__Entries supplied__:
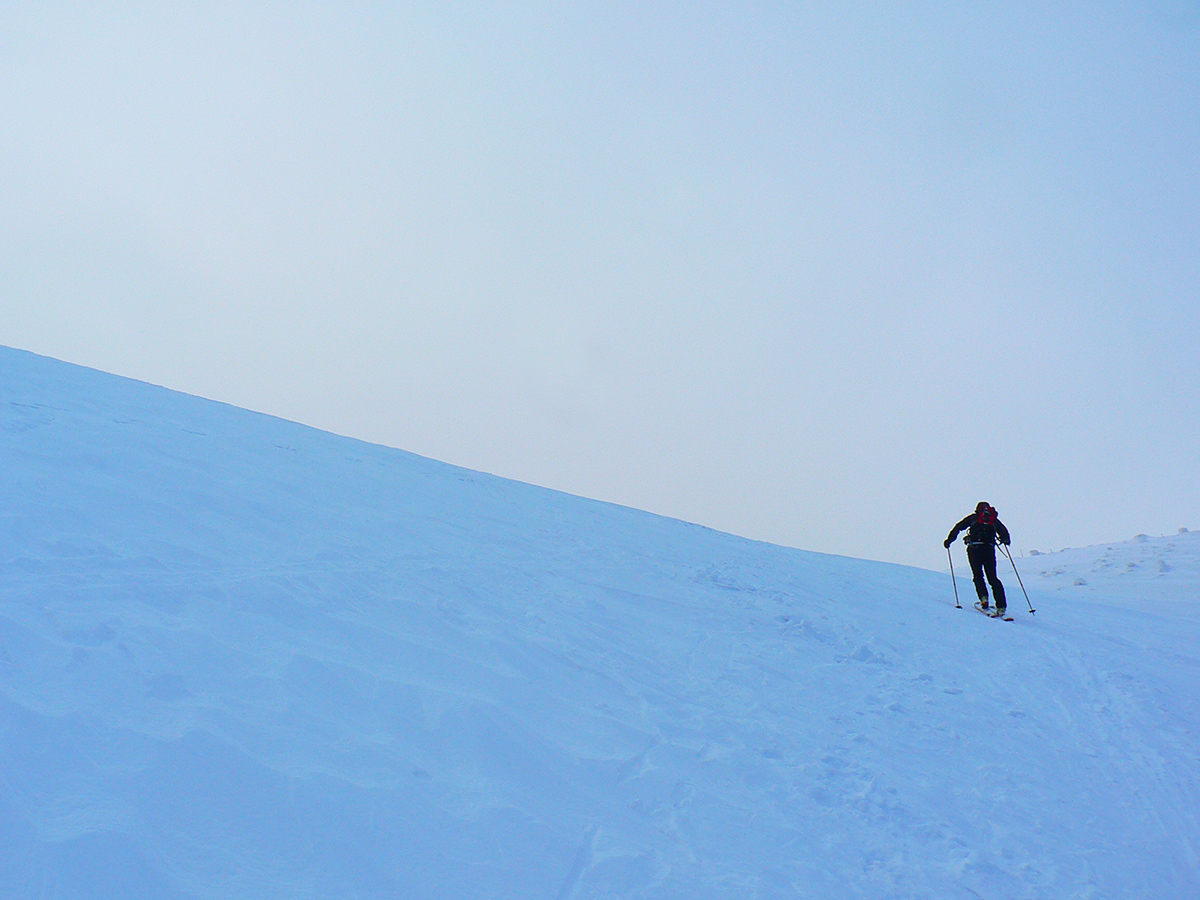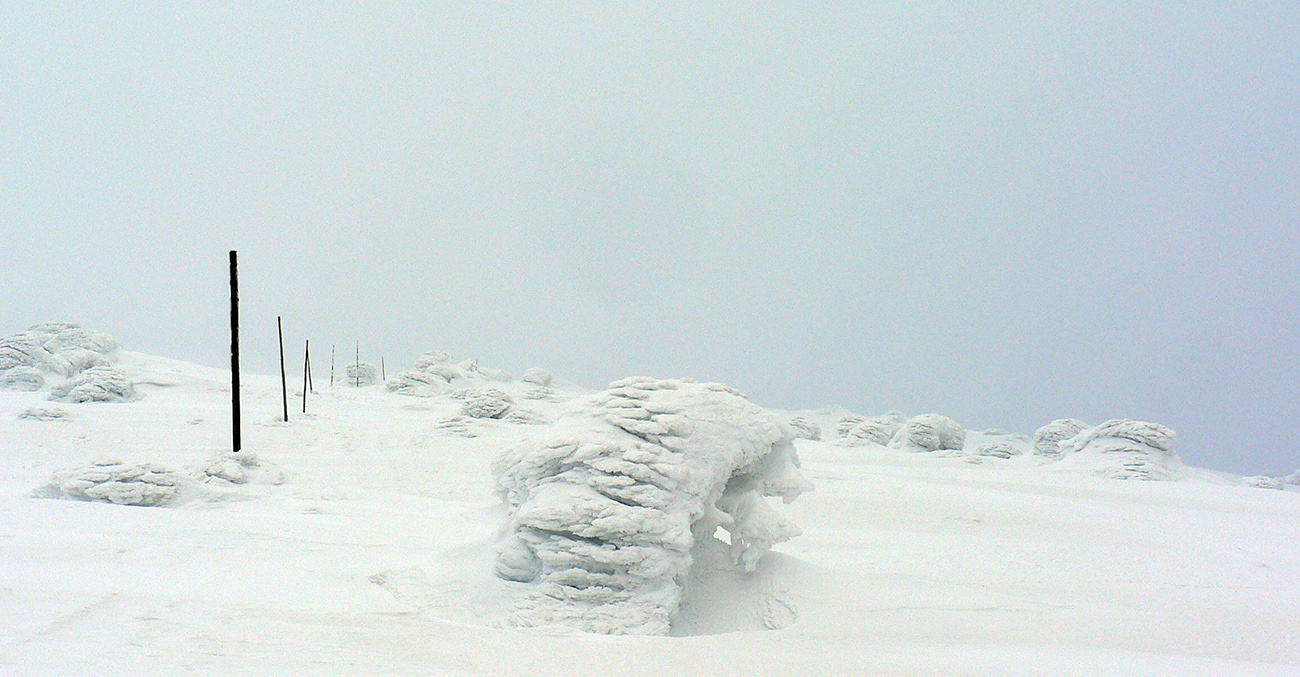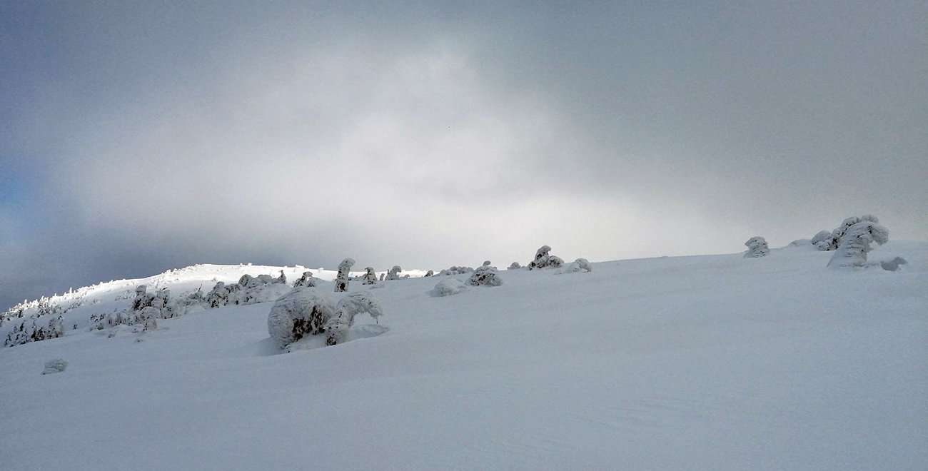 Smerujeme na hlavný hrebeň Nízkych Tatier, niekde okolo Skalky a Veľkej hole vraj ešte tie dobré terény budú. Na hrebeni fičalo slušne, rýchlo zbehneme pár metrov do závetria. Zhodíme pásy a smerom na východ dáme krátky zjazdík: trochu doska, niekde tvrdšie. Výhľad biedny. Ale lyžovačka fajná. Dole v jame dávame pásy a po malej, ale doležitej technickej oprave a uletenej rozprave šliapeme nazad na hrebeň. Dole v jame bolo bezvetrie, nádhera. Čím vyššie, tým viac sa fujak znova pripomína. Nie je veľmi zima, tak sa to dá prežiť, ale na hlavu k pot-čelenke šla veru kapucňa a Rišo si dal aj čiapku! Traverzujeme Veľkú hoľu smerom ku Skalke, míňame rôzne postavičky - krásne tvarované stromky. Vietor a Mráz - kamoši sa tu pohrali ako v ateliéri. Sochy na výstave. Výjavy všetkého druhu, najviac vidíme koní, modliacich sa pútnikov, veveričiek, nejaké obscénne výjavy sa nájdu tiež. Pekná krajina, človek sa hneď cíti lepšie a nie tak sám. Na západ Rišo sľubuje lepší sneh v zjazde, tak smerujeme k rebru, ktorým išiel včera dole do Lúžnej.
* * *
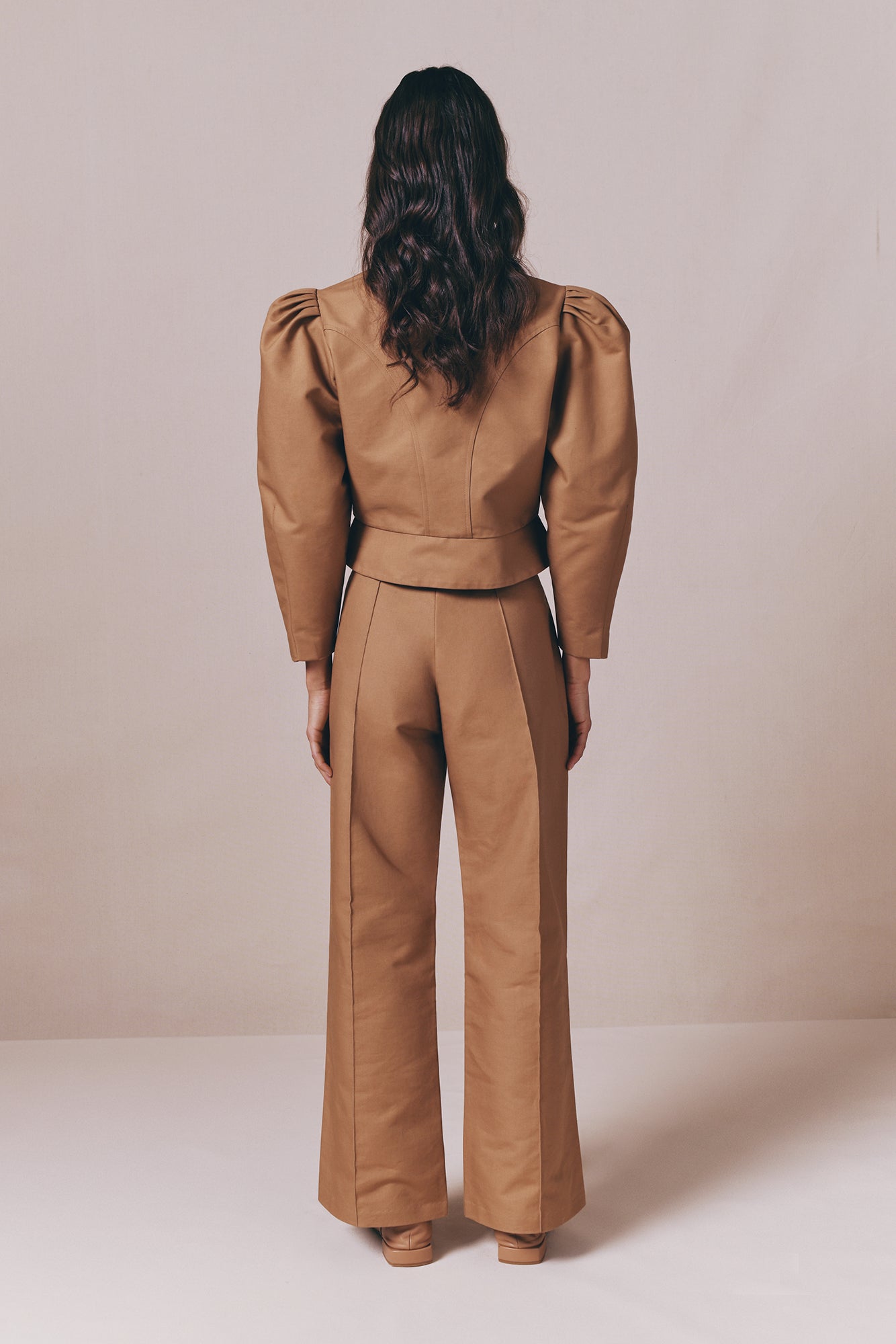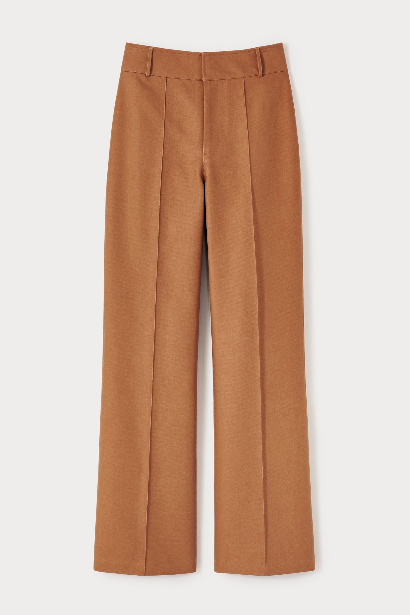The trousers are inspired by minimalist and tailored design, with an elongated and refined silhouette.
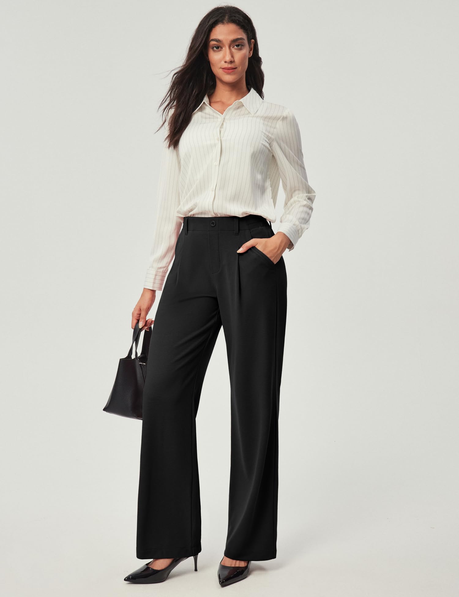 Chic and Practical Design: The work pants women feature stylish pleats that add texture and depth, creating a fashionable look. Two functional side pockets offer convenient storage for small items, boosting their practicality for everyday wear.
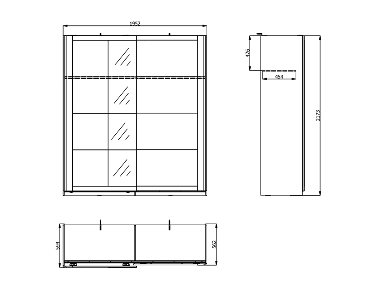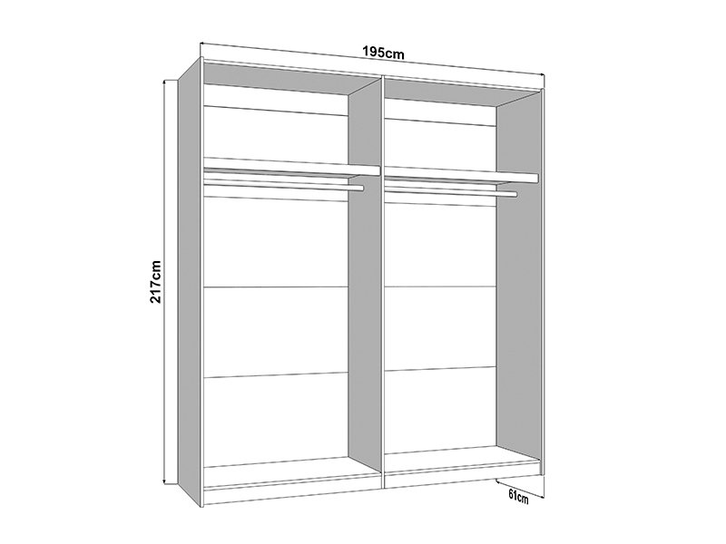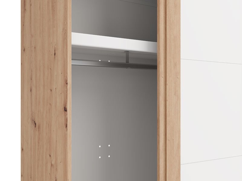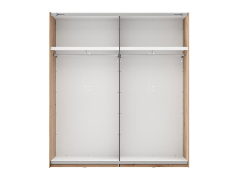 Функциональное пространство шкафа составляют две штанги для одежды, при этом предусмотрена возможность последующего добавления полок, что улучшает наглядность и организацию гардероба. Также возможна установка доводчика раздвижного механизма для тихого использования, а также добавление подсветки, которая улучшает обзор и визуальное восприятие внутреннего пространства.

__Aim of the exercise__: The line holding "The trousers are" starts the copy and the line holding "Функциональное пространство шкафа" ends it. Repeat those two lines above and all between them exactly, leaving out pictures.

__Answer to this exercise__:
The trousers are inspired by minimalist and tailored design, with an elongated and refined silhouette.
 Chic and Practical Design: The work pants women feature stylish pleats that add texture and depth, creating a fashionable look. Two functional side pockets offer convenient storage for small items, boosting their practicality for everyday wear.
 Функциональное пространство шкафа составляют две штанги для одежды, при этом предусмотрена возможность последующего добавления полок, что улучшает наглядность и организацию гардероба. Также возможна установка доводчика раздвижного механизма для тихого использования, а также добавление подсветки, которая улучшает обзор и визуальное восприятие внутреннего пространства.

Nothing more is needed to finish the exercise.